The Buffett Institute hosts two-year postdoctoral fellows in the study of global, comparative, or international affairs. Learn more about the requirements and application process.
Maria Akchurin is a sociologist studying political processes around social and environmental policies in Latin America. Her dissertation research compares the privatization of urban water supply systems in Argentina and Chile from the late 1980s to the present, analyzing the implementation of the market paradigm in water and sanitation as well as social mobilization around water. In another recent project, she analyzed how the rights of nature were introduced into the Ecuadorian constitution. Her broader interests are in political sociology and mobilization, economy and society, and historical sociology.
Kathleen Klaus received her PhD in political science from the University of Wisconsin-Madison and her BA from Smith College. Her dissertation and book project, “Claiming Land: Institutions, Narratives, and Political Violence in Kenya,” examines the relationship between land rights and electoral violence. She received support for her research from the Harry Frank Guggenheim Foundation, the Strauss Center (UT-Austin), the United States Institute of Peace, the Social Science Research Council, and the NSF. Her broader research interests include political violence, African politics, elections, and field research methods. She has also conducted extensive fieldwork in Ghana and Malawi.

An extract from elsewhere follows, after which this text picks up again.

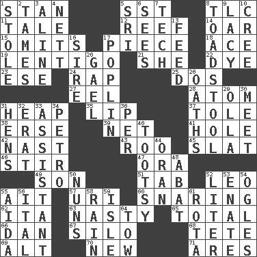 ACROSS 1. Comedian Laurel of Laurel & Hardy 5. Fast jet (abbr.) 8. Affectionate concern, for short 11. Lie 12. Coral ridge 14. Boat paddle 15. Leaves out 17. Part 18. Adept person 19. Small, flat, pigmented spot on the skin 21. A female animal or person 22. Color 23. Compass dir. 24. Strike 25. Two (Sp.) 27. Snakelike fish 28. Smallest unit of an element 31. Pile 35. Mouth edge 37. Lacquered or enameled metalware 38. Celtic language 39. Fish or hair follower 41. Hollow 42. Political cartoonist Thomas 43. Friend of Pooh 45. Narrow board 46. Move through with a circular motion 47. Mouth or opening 49. Boy, to dad 51. Bar bill 52. Lion 55. Small island 57. RI univ. 60. Catching in a trap 62. Call ___ day 63. Offensive 65. Add up to 66. One of the 12 tribes of Israel 67. Grain storage tower 68. False hair 69. Keyboard modifier key 70. ___ Haven, CT 71. Ancient Greek god of war DOWN 1. Took without asking 2. Domesticates 3. Place in a line 4. Remaining after all deductions 5. _ Lanka 6. Observes 7. Technician 8. Inedible or poisonous agaric 9. Made of lace 10. Algonquian 13. Nourish 16. The founder of a family 17. Cotton for raincoats, e.g. 20. Highlander 26. Expletives 29. Water jar 30. Rendezvous 31. Coop moms 32. Part of Q.E.F. 33. Aide 34. Stone: prefix 36. For each 40. Tootsie (variant) 44. NW Algerian seaport 48. Blind as ____ 50. Religious women 52. 61 cubic inches 53. Maternal 54. Stares at amorously 55. Opera by Verdi 56. Slanted text style (abbr.) 58. Water falling in drops from the sky 59. Small island 61. Round or rotation of duties 64. Pull behind

Erin Moore received her PhD from the University of Chicago in 2016. She is a sociocultural anthropologist interested in transnational processes, international development and global health, and the study of gender, sexuality, and youth. Her geographic focus is urban Uganda, and sub-Saharan Africa more broadly. Her doctoral research explores the global movement to “empower” adolescent girls as it unfolded through the transnational channels of a major NGO and into the lives of teenage women living in Kampala, Uganda’s capital.
Nermeen Mouftah completed her doctoral work at the University of Toronto in 2014. Her ethnographic research explores how religion is defined, marshaled, and condoned in Egypt today by examining charitable and development interventions. She is currently developing her doctoral research into a monograph that examines a particular form of development—literacy development—in order to investigate how activism for, and techniques of, literacy are imbricated in religious reform that shape public religion in post-Mubarak Egypt. Her interaction with charitable organizations prompted her second major research project that explores how religion shapes the legal, biological, and affective negotiations involved in practices of orphan care.
Başak Taraktaş earned her PhD from the Department of Political Science at the University of Pennsylvania in 2016. Her dissertation investigates the effect of preference diversity and preference compatibility on cooperation for regime change among organized challengers to authoritarian regimes. This work fills the gap in regime literature by explaining the conditions under which challengers are able to form a coherent united oppositional coalition capable of changing the regime. Her research interests include political regimes, social movements, and financial and sovereign debt crises. Başak’s co-authored work on the 2013 Gezi protests won the Sidney Tarrow Best Article Prize.
Hollian Wint received her PhD from New York University in 2016. She specializes in the socio-financial history of East Africa, western India, and the Indian Ocean. Her current project charts the transformations of regional financial and familial networks in the aftermath of the abolition of slavery and the consolidation of British imperial rule in the nineteenth and twentieth centuries. Her research has received support from the American Institute of American Studies, the Fulbright-Hays, and the NYU-Abu Dhabi Humanities Institute. Hollian is a contributor to Perspectives of Female Researchers: Interdisciplinary Approaches to the Study of Gujarati Identities, ed. Sharmina Mawani and Anjoom A. Mukadam.